De repente sentí miedo de morir durante el procedimiento, pero no podía expresar esos sentimientos. Mis pensamientos se agitaban, preocupada por si dejaba que mis emociones se desbordaran o lloraba descontroladamente, podría sufrir terribles consecuencias. Así que, durante la cesárea, contuve las lágrimas. Mientras mi marido, los médicos y las enfermeras lloraban a mi alrededor, yo permanecí en silencio mientras daba a luz a una niña de 3,5 kilos perfectamente sana pero sin vida.

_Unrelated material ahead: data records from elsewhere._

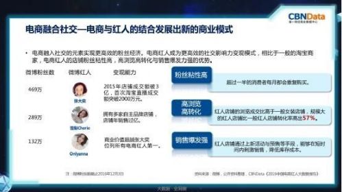 今年电商和社交的融合成为一个典型现象。数据显示,红人经济的发展使得红人店铺的浏览成交高于一般女装店铺,近50%的粉丝有重复购买的行为,并且规模大的红人店铺比一般红人店铺转化率高出57%。可以看出电商红人的店铺具有粉丝粘性高、高浏览高转化以及销售爆发力强的优势。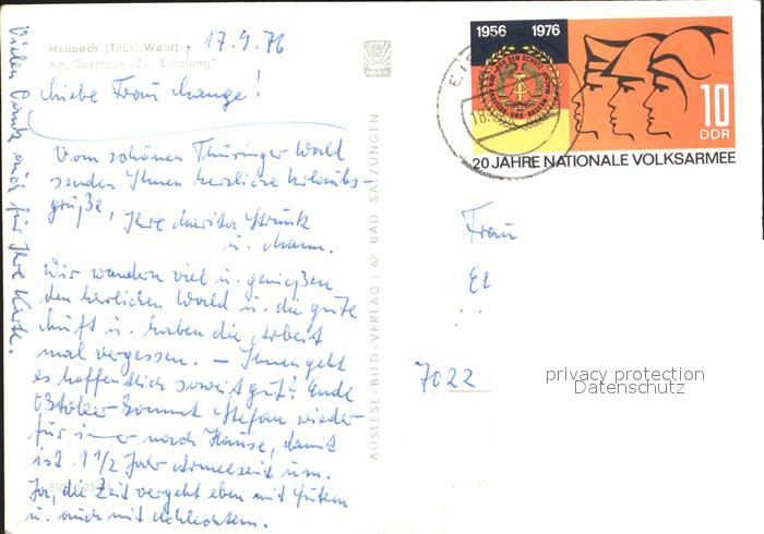 72176524 alte Postkarte Heubach Thueringen Am Gasthaus Zur Erholung postalisch gelaufen Erhaltung siehe scans KatCode: 11110016069024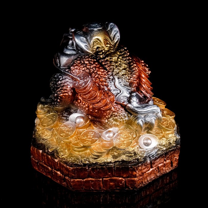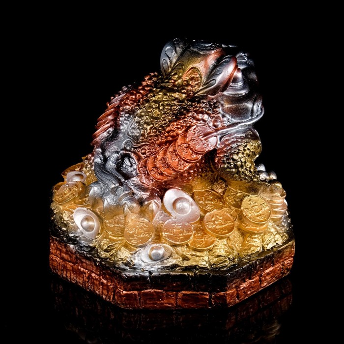Трёхлапая жаба с монеткой во рту является очень сильным денежным талисманом, который приносит богатство, финансовую удачу и процветание. Иногда это животное используют как символ долголетия, потому что некоторые их виды живут до 40 лет.Согласно фэн-шуй копилки с деньгами целесообразно хранить в западной или северо-западной частях помещения.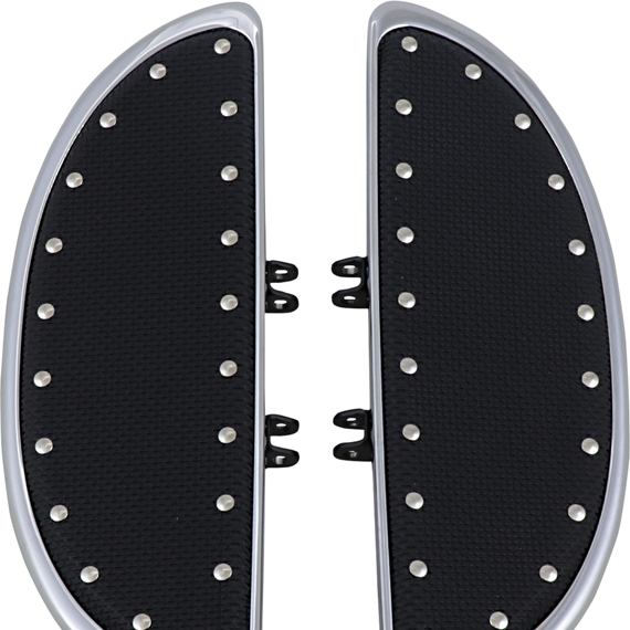 Caracteristicas: Bowed floorboards feature machined billet construction, chrome-plated finish with black rubber inserts. Made in the U.S.A.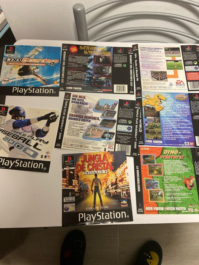 Dettagli del prodottoSet di copertine e retrocopertine per giochi PlayStation 1. Include copertine per: CoolBoarders 4, Resident Evil Director's Cut, FIFA - Rumbo al Mundial 98, Triple Play Baseball 2000, Jungla de Cristal: Trilogía 2, Dino-Viertetey (La Dinocabalgada). Materiale stampato per scatole di giochi. PAL Spagna!!!ciascuna ha il suo prezzo La descrizione è stata tradotta automaticamente.
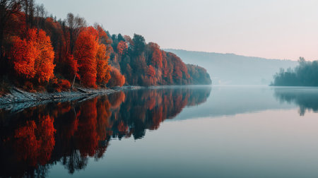 An autumn lake forest reflection calm water morning mist red foliage colorful tree nature landscape tranquil scene peaceful mood seasonal color serene autumn lake with forest reflection and calm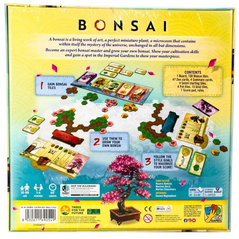 Termenul japonez "bonsai" inseamna "plantat intr-un ghiveci". Un bonsai este o opera de arta vie, o planta miniaturala perfecta, identica in toate privintele cu forma sa in marime naturala, dar de cateva ori mai mica. In Bonsai, jucatorii isi asuma rolul de maestri experti in bonsai, hotarati sa-si cultive propriii bonsai. Cine cultiva cea mai buna planta va fi desemnat sa-si expuna bonsaiul in gradinile imperiale. Cand iti vine randul tau, alege si efectueaza una dintre aceste doua actiuni: mediteaza sau cultiva. Daca meditezi, alege una dintre cartile cu fata in sus de pe tabla si ia-o, impreuna cu orice placute Bonsai reprezentate sub cartea pe care o tragi. Daca alegi sa cultivi, poti plasa in Bonsai placutele care se afla in rezerva ta personala. Poti plasa atatea placute cate simboluri sunt reprezentate pe placuta ta Seishi si pe oricare sau pe toate cartile tale de Crestere. Fiecare simbol iti va permite sa plasezi o placuta de tipul corespunzator. In timpul rundei in care bonsaiul tau indeplineste sau depaseste cerintele unei placute Scop care se afla inca in mijlocul mesei (adica placuta Scop nu a fost inca revendicata de niciun jucator), trebuie sa alegi imediat daca vrei sa revendici acea placuta sau daca vrei sa renunti la ea pentru a incerca sa obtii o placuta cu Scop mai dificila. Cand ultima carte din pachet este dezvaluita, se declanseaza sfarsitul jocului. Fiecare placuta din bonsaiul tau valoreaza un anumit numar de puncte. In jocul solo poti incerca Scenariile Suplimentare care schimba unele reguli si obiective si, in cele din urma, poti incerca sa invingi Provocarea Imparatului.

TEXAS, Estados Unidos – En 2020, antes de la pandemia, conocí a una pareja que no podía concebir. Su lucha me conmovió profundamente. Lo hablé con mi marido y decidimos ser su madre de alquiler. Desde el principio, todo fue como la seda. Mi cuerpo acogió el embrión con facilidad y tomé hormonas, evitando las inyecciones.
Cuando me acercaba a la semana 38 de embarazo, mi salud dio un vuelco terrible. Me sentía mal, había perdido toda mi energía, vomitaba constantemente y apenas podía beber agua. Inmediatamente empecé a perder peso y dejé de trabajar. Después de cinco días agotadores, fui al hospital con 39 semanas de embarazo. Durante la revisión, los ojos de mi ginecóloga se llenaron de lágrimas cuando me dijo: «El bebé ha muerto». Sus palabras me destrozaron y me dejaron sin habla.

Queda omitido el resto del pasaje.